My solution only applies for $n>1$.

To evaluate $\int^\infty_0\frac{\tan x}{x^n}dx$, we consider the contour integral $$\oint_C\frac{\tan z}{z^n}dz$$ where the branch cut is taken along the positive real axis and a keyhole contour is used.

Contour

We can decompose $C$ into 4 parts:

(1) Small loop about $0$, expected to approach zero as the loop size tends to zero. This is the part which I'm not certain about.

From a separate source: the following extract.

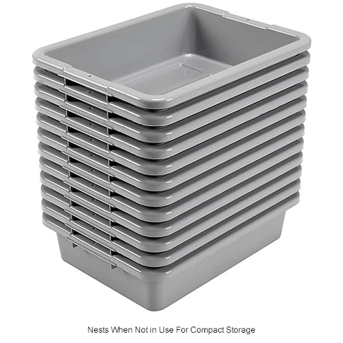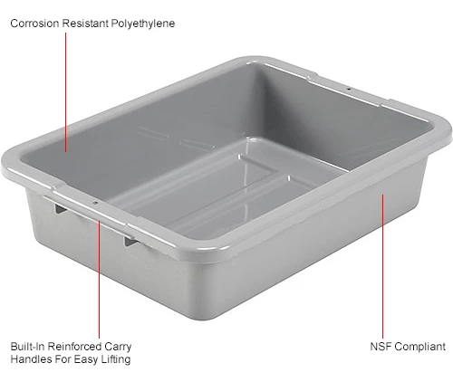All-purpose plastic storage bus tubs are built to last. Manufactured from polypropylene, these containers are engineered for rigorous and continuous usage. All tubs are super easy to clean and dishwasher safe. Virgin grade materials afford lifetime projection against bacteria, old, mildew and product degradation. All-purpose tubs provide a storage, cleaning, and transportation solution for multiple applications. Built in handles are ergonomically designed for comfortable and easy-grid and handling. All tubs nest when empty saving valuable workspace. NSF certified. Made in USA.

(2) Straight line integral on the upper real axis $$\int^R_0\frac{\tan t}{t^n}dt$$

(3) Large loop about $0$, which should also vanish as its radius($R$) tends to infinity.

(4)Straight line integral on the lower real axis $$\int^0_R \frac{\tan t}{e^{2\pi ni}t^n}dt$$

There are poles at $\pi(-\frac{1}{2}-k)$ ($k$ is positive integer) of residue $-1$ at each.

By residue theorem, we obtain $$\int^\infty_0\frac{\tan t}{t^n}dt + e^{-2\pi ni}\int^0_\infty \frac{\tan t}{t^n}dt= 2\pi i \sum^\infty_{k=0}\frac{-1}{[{(\frac{\pi}{2}+k\pi)e^{\pi i}]}^n}$$

Thus, $$(1-e^{-2\pi ni})\int^\infty_0 \frac{\tan t}{t^n}dt= 2\pi i \sum^\infty_{k=0}\frac{-1}{[{(\frac{\pi}{2}+k\pi)e^{\pi i}]}^n}$$

After some messy algebra, $$\int^\infty_0 \frac{\tan t}{t^n}dt= -\frac{2^n}{\pi^{n-1}}\csc(n\pi)\sum^\infty_{k=0}\frac{1}{(2k+1)^n}$$ which the sum clearly converges only when $n>1$.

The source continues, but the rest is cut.